Corey is leaving tomorrow . . .

Atlantic Waves
by the bridge (FCC)

                   

“Our battered suitcases were piled on the sidewalk again; we had longer ways to go. But no matter, the road is life.” ~ Jack Kerouac

Got the news today . . .

Music by Ani Difranco, “When I’m Gone”

                   

Dreaming Of Hair

Ivy ties the cellar door
in autumn, in summer morning glory
wraps the ribs of a mouse.
Love binds me to the one
whose hair I’ve found in my mouth,
whose sleeping head I kiss,
wondering is it death?
beauty? this dark
star spreading in every direction from the crown of her head.

My love’s hair is autumn hair, there
the sun ripens.
My fingers harvest the dark
vegtable of her body.
In the morning I remove it
from my tongue and
sleep again.

Hair spills
through my dream, sprouts
from my stomach, thickens my heart,
and tangles from the brain. Hair ties the tongue dumb.
Hair ascends the tree
of my childhood–the willow
I climbed
one bare foot and hand at a time,
feeling the knuckles of the gnarled tree, hearing
my father plead from his window, _Don’t fall!_

In my dream I fly
past summers and moths,
to the thistle
caught in my mother’s hair, the purple one
I touched and bled for,
to myself at three, sleeping
beside her, waking with her hair in my mouth.

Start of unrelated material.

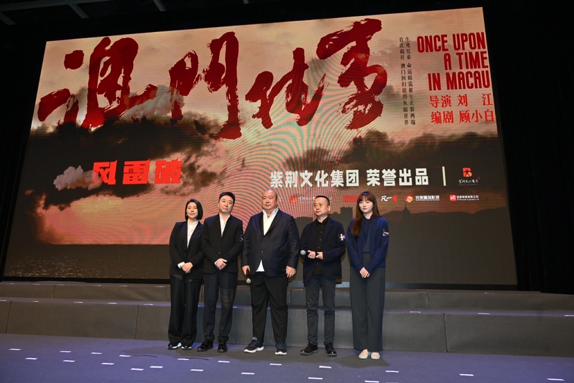 劇目《澳門(mén)往事·風(fēng)雷破》,總製片人劉巖、王彤、製片人潘冠男、導(dǎo)演劉江及編劇顧小白上臺(tái)分享了這部電視劇。

Along a slippery twine of her black hair
my mother ties ko-tze knots for me:
fish and lion heads, chrysanthemum buds, the heads
of Chinamen, black-haired and frowning.

Li-En, my brother, frowns when he sleeps.
I push back his hair, stroke his brow.
His hairline is our father’s, three peaks pointing down.

What sprouts from the body
and touches the body?
What filters sunlight
and drinks moonlight?
Where have I misplaced my heart?
What stops wheels and great machines?
What tangles in the bough
and snaps the loom?

Out of the grave
my father’s hair
bursts. A strand
pierces my left sole, shoots
up bone, past ribs,
to the broken heart it stiches,
then down,
swirling in the stomach, in the groin, and down,
through the right foot.

What binds me to this earth?
What remembers the dead
and grows towards them?

I’m tired of thinking.
I long to taste the world with a kiss.
I long to fly into hair with kisses and weeping,
remembering an afternoon
when, kissing my sleeping father, I saw for the first time
behind the thick swirl of his black hair,
the mole of wisdom,
a lone planet spinning slowly.

Sometimes my love is melancholy
and I hold her head in my hands.
Sometimes I recall our hair grows after death.
Then, I must grab handfuls
of her hair, and, I tell you, there
are apples, walnuts, ships sailing, ships docking, and men
taking off their boots, their hearts breaking,
not knowing
which they love more, the water, or
their women’s hair, sprouting from the head, rushing toward the feet.